Maximum Likelihood Estimation (MLE)

Maximum Likelihood Estimation (MLE)
💡No image available
Overview

Maximum likelihood estimation (MLE) is a statistical method for estimating the parameters of a probabilistic model by choosing the values that maximize the likelihood of observing the given data. Introduced within the broader framework of statistical estimation, MLE underpins many modern techniques, including parameter fitting in generalized linear models, Bayesian statistics via connections to likelihood-based inference, and statistical learning methods.

Overview

In MLE, the parameter vector is selected to maximize the likelihood function, which measures how probable the observed data are under different parameter values. Likelihood-based methods are closely related to hypothesis testing, since likelihood ratios often form the basis of tests such as those based on the likelihood-ratio test. The approach can also be expressed in terms of the log-likelihood, turning products of probabilities into sums and simplifying computation.

A key motivation for MLE is its connection to convex optimization and numerical methods: many models yield smooth log-likelihood functions that can be optimized with standard algorithms.
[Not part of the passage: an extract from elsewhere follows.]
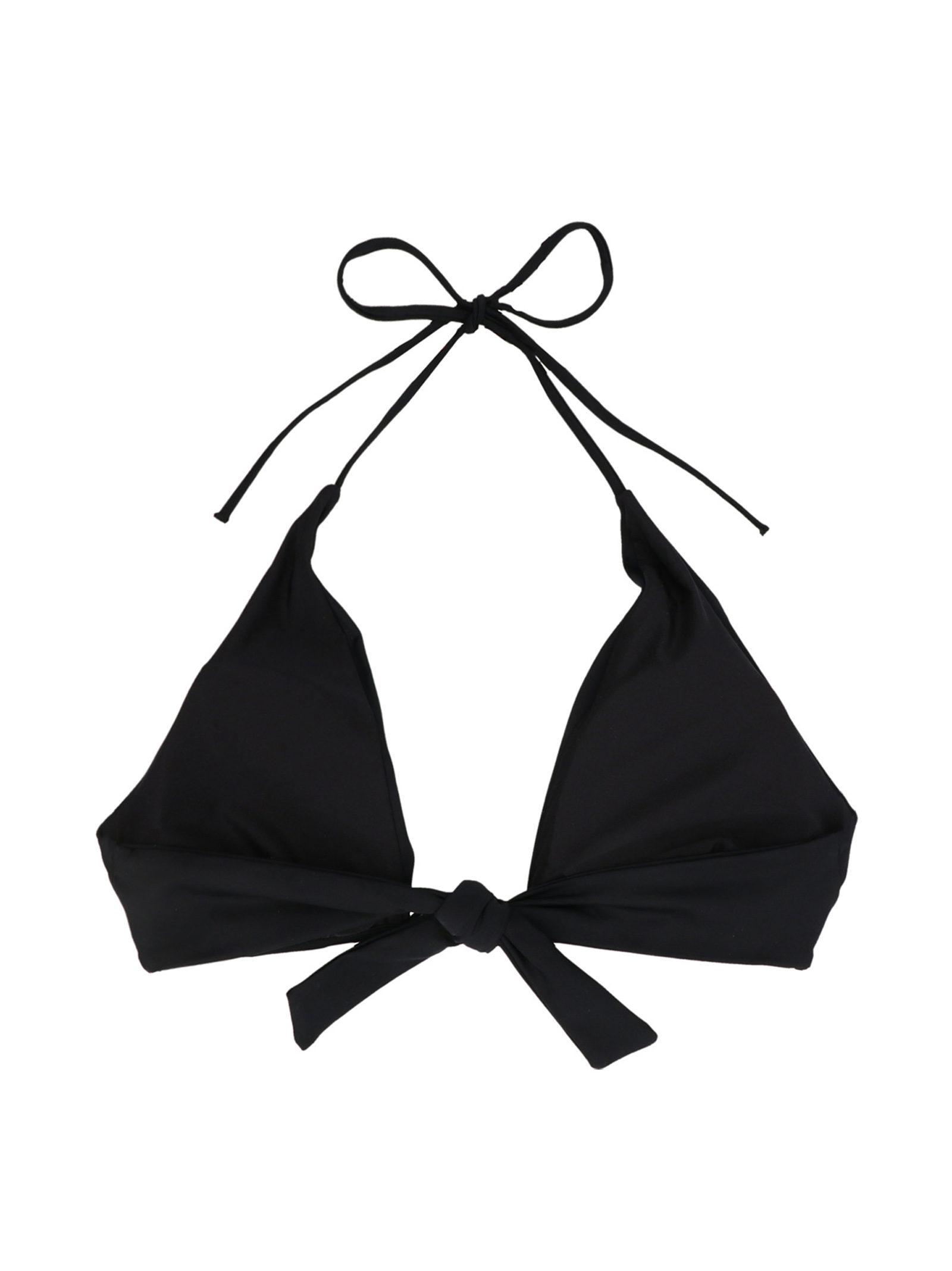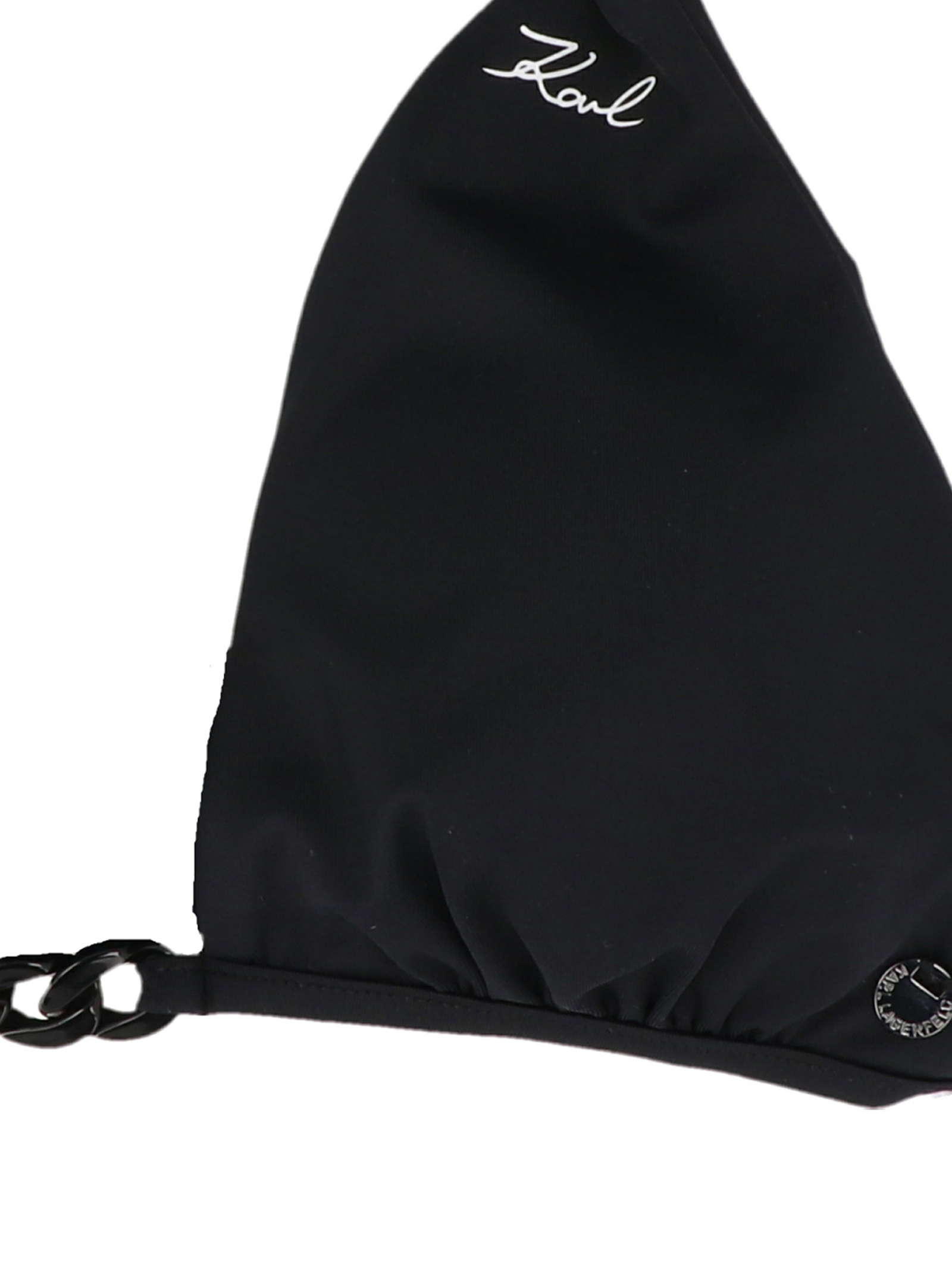 Triangle bikini top in stretch tech fabric with tonal chain detail at the front, knotted ties and removable padded cups. JULIAN SUSTAINABLE: This product is made from recycled materials.

In practice, researchers evaluate MLE solutions using criteria such as Akaike information criterion or the Bayesian information criterion, especially when comparing model classes with different numbers of parameters.

Mathematical formulation

Suppose data (x_1,\dots,x_n) are modeled as independent observations from a distribution with density (or mass) (f(x\mid\theta)), where (\theta) denotes unknown parameters. The likelihood function is [ L(\theta)=\prod_{i=1}^n f(x_i\mid\theta), ] and the MLE is any maximizer [ \hat{\theta}{\text{MLE}}=\arg\max{\theta} L(\theta). ] Often, maximization is performed on the log-likelihood [ \ell(\theta)=\sum_{i=1}^n \log f(x_i\mid\theta), ] since (\log(\cdot)) is monotonic and preserves the maximizing argument.

Depending on the model, the likelihood can be maximized by solving analytic equations (e.g., by setting derivatives of (\ell(\theta)) equal to zero) or by using iterative procedures. For complex models, numerical maximizers such as gradient-based methods and second-order schemes are common; these are connected to Newton's method and related optimization techniques.

Properties and theory

Under regularity conditions, MLE estimators have important asymptotic properties. In particular, consistency and asymptotic normality are standard outcomes: as the sample size grows, the MLE converges to the true parameter value and the distribution of the estimator approaches a normal distribution centered at the true parameter, with variance tied to the Fisher information.

The Fisher information also provides the basis for approximate uncertainty quantification, which can be expressed through asymptotic standard errors. In that setting, likelihood methods connect to the Cramér–Rao bound, offering a lower bound on the variance of unbiased estimators. MLE is often viewed as efficient because, asymptotically, it can achieve this bound in many well-behaved models.

Computation and practical considerations

For many parametric families, MLE can be computed efficiently, but for high-dimensional or non-linear models, maximizing the likelihood may require careful numerical strategies. In generalized models, likelihood maximization is frequently implemented via iterative reweighting or gradient-based routines; this is a common theme in generalized linear models. When models contain nuisance parameters or latent variables, likelihood maximization may be performed using algorithms such as Expectation–maximization algorithm.

MLE may also be sensitive to modeling assumptions and identifiability. If parameters are not identifiable, multiple values can yield the same likelihood, leading to non-unique maximizers. Additionally, in small samples or when regularity conditions fail, asymptotic approximations used for inference may be unreliable, motivating diagnostics and alternative inference approaches, including bootstrap and resampling-based methods.

Extensions and related concepts

MLE is closely related to the broader framework of statistical inference. For instance, likelihood-based estimation can be connected to information criteria such as Akaike information criterion for model selection, and to asymptotic tests derived from the likelihood function. The likelihood perspective also links MLE to Bayesian estimation through the role of the likelihood as a component of Bayes’ theorem, even though Bayesian methods estimate parameters using posterior distributions rather than only point maximizers.

When prior information or constraints are incorporated, one obtains variants such as penalized likelihood approaches, which are central to modern regularization methods in statistical learning. These ideas intersect with regularization and with maximum a posteriori estimation in Bayesian contexts, where optimizing a posterior can be viewed as modifying the likelihood with a prior term.